3.1 first handshake 19
The packet segment captured by Wireshark for the first handshake of the TCP connection is as follows:
Figure 6 TCP connection to the first handshake instance
Here we mainly select several fields for analysis:
Flag field. SYN = 1 and ACK = 0 indicate that this data segment is not used.Tape.
How does the maximum message segment length (MMS) reach 1460? the physical characteristics of the link layer over Ethernet determine that the data frame length is 1500 (MTU, the maximum transmission unit ), 1460 = 1500-20 (IP header length)-20 (TCP Header length ).

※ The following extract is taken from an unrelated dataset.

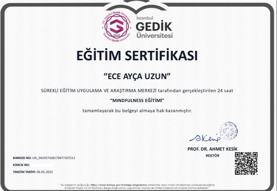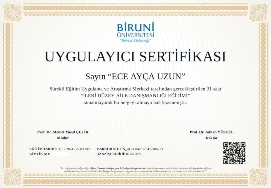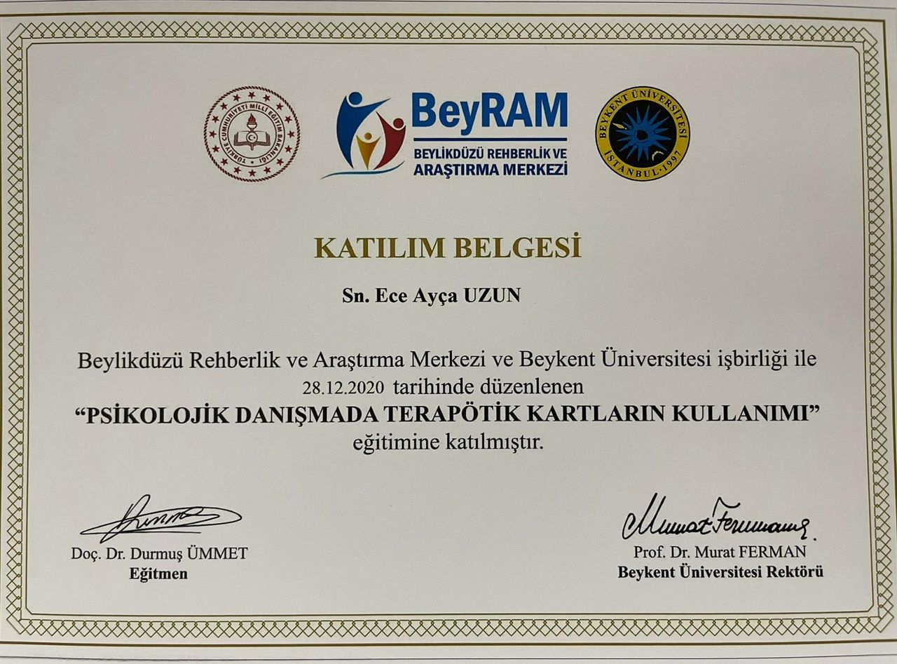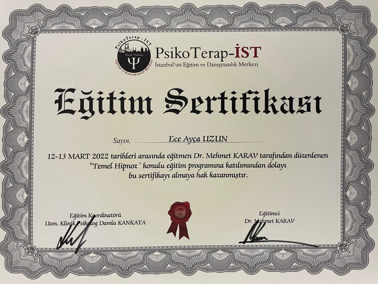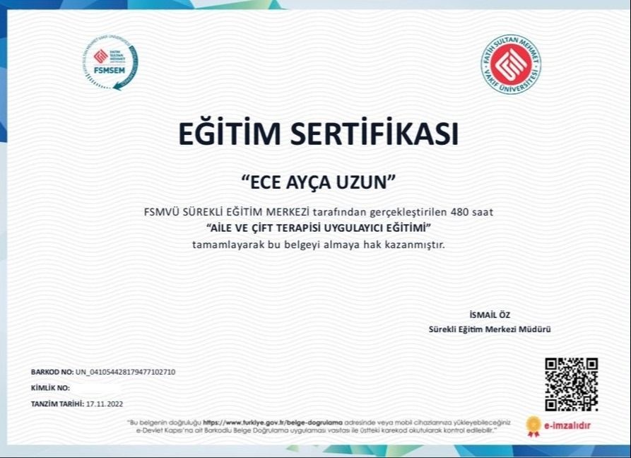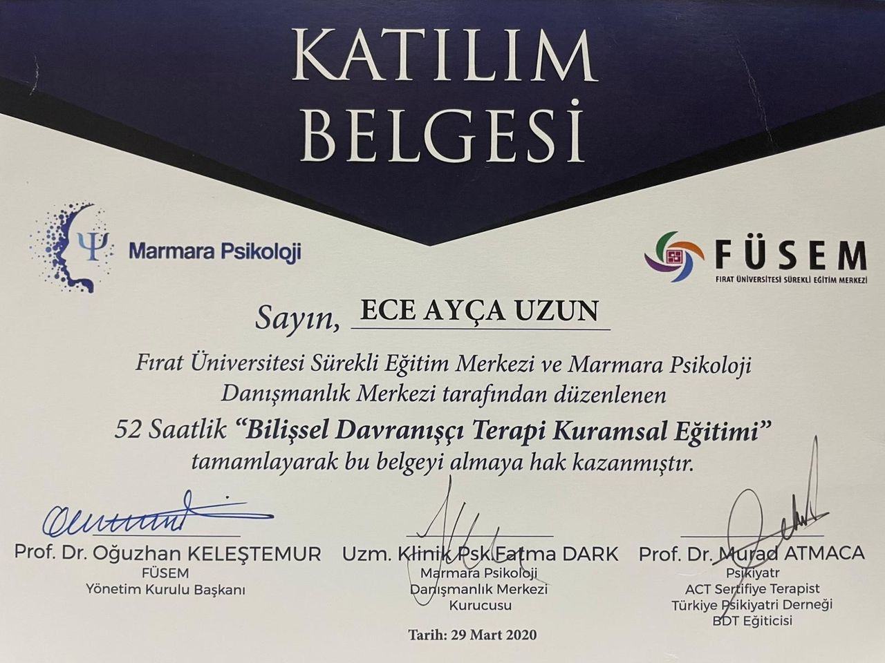 "Psikofarmakoloji" ve "Kilnik Nörobilim" alanlarındaki çalışmalarıyla dünyanın en etkili bilim insanları arasına giren Prof. Dr. Murad ATMACA' dan "Bilişsel Davranışçı Terapi Eğitimi"; Doç. Dr. Onur Okan DEMİRCİ' den "Temel ve İleri Düzey EMDR Eğitimi" almıştır.

Do not be confused by the 32-byte length of the first part of the message. This is only the connection process. For the relationship between MSs and MTU, see [2]:
Figure 7 relationship between MSs and MTU
The NOP field can be filled with less than 4 multiples of bytes, or separated as options. Three NOP fields appear in the text segment. For specific functions, see:
Figure 8 NOP field of TCP Packets
3.3 second handshake 21
When the server responds to the TCP packet segment of the client, the confirmation number is 1. SYN = 1 and ACK = 1 indicate that the connection response token carries a confirmation. The Wireshark capture group is as follows:
Figure 9 TCP connection second handshake instance
Why is MSS 1452 instead of 1460? This is because pppoe (point-to-point over Ethernet) enables Ethernet hosts to connect to a non-existent Access Concentrator through a simple bridging device [3]) for dial-up Internet access, the ppop header is 8 bytes, so the MTU of pppoe is 1492, And the MSS is 1492-40 = 1452.
What is the MSS for data transmission after a TCP connection is established? 1460 or 1452 or 536? My understanding is that the default value is 536. Is that correct? Please advise!
3.4 Third handshake 22
The message segment of the client server again. At this time, the serial number and the validation number are both 1 and there is no option field. The group information captured by Wireshark is as follows:
Figure 10 TCP connection to the third handshake instance
It is worth noting that the window expansion size negotiation fails, so the window will not be expanded, that is, the maximum window size is 65535.
In this case, the TCP connection is established :-)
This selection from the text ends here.